Polemik Keberadaan Burung Kuntul, Antara Polusi dan Potensi

05 Maret 2019 21:02

Beberapa tahun belakangan, keberadaan burung kuntul di Kota Batusangkar menjadi polemik. Banyaknya populasi burung menyebabkan terganggunya masyarakat dengan kotoran dan bau. Di sisi lain, burung kuntul tidak boleh diganggu karena berada dalam kawasan Cagar Alam Baringin Sakti. 

Burung Kuntul juga menyimpan potensi besar yang bisa menjadi keunggulan Tanah Datar. Untuk mengatasi hal ini, keberadaan Burung Kuntul menjadi pembahasan Diskusi Pagi di Pasar Van Der Capellen, Minggu (3/3) kemarin. Dipandu oleh Direktur Walhi Sumbar Uslaini, diskusi menghadirkan pembicara akademisi Universitas Andalas, Wilson Novarino, Camat Lima Kaum Afrizal, Kepala Perwakilan Kabarsumbar.com, Aldoris, dan Direktur PBHI Sumbar Wengki Purwanto.

Camat Lima Kaum yang akrab dipanggil Ayah memaparkan, aroma kotoran burung bangau menganggu kenyamanan dari aroma dan kotoran yang jatuh. Dikhawatirkan akan membawa virus flu burung karena tidak bisa dikontrol jumlah populasi dan keberadaannya. Kotoran burung bangau mengotori lingkungan dan mobil yg parkir dibawah pohon.

“Jadi malu kita sama pengunjung kota yang tidak tahu di atas beringin ada burung bangau,” ujar pria murah senyum ini.

Di sisi lain, menurutnya masyarakat seputaran Batusangkar khususnya di Kecamatan Sungai Tarab dan Sungayang tidak bisa lagi melakukan minapadi dengan melepas bibit ikan ke sawah. Sebab petani khawatir ikannya dimakan oleh bangau.

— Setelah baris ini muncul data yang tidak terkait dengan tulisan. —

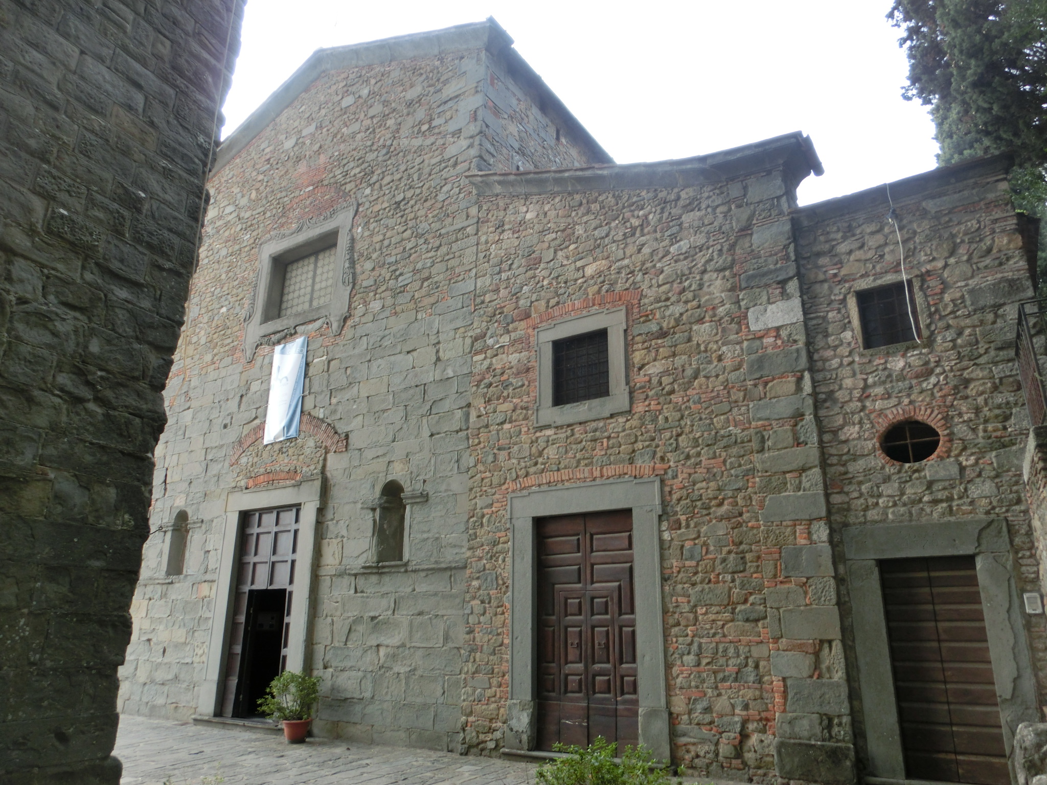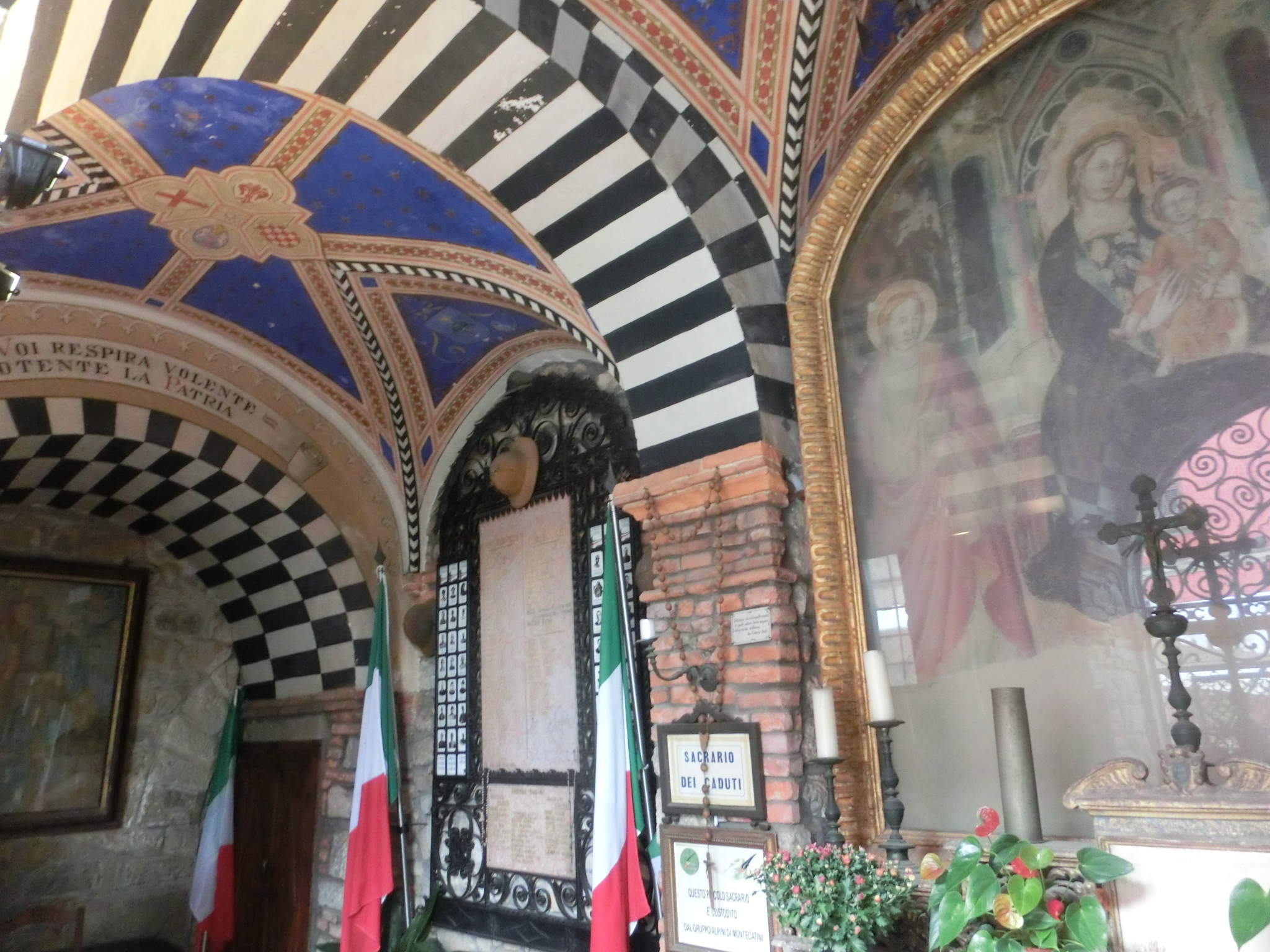 中は古いフレスコ画と、大戦の戦死者追悼碑があります。劇場まで来たら、まずは村の北側に行ってみましょう~坂を少し登ったところにあるのが、大きな鐘楼が目立つサン・ピエトロ教会と、古の要塞です。

Sedangkan Aldoris, perwakilan kabarsumbar.com di Tanah Datar yang tinggal di kawasan pohon Baringin itu menceritakan, dia dan keluarganya tinggal di sekitar habitat burung bangau, dan merasa sangat terganggu dengan keberadaan burung kuntul tersebut.

“Tahun 2014 anak saya terkena ISPA (Infeksi Saluran Pernafasan Akut) hingga meninggal dunia. Saya menduga polusi yang disebabkan bangau ini salah satu pemicunya. Kalau memang burung kuntul ini tidak boleh diganggu, pihak terkait harusnya mencarikan solusi bagaimana burung ini bisa tetap terlindungi, namun juga tidak mengganggu masyarakat,” ujarnya.

Akademisi Unand, Wilson Novarino menceritakan, tahun 1993 saat dia melaksanakan Kuliah Kerja Nyata (KKN) di Tanah Datar, setiap Minggu dirinya berkumpul bersama teman-teman di kawasan Cagar Alam Baringin Sakti. 

“Belum ada ada burung kuntul di sana. Tahun 2008 saat saya kembali lagi setelah pulang sekolah diluar sudah ada burung kuntul di sana,” ujar doktor di bidang Biologi itu.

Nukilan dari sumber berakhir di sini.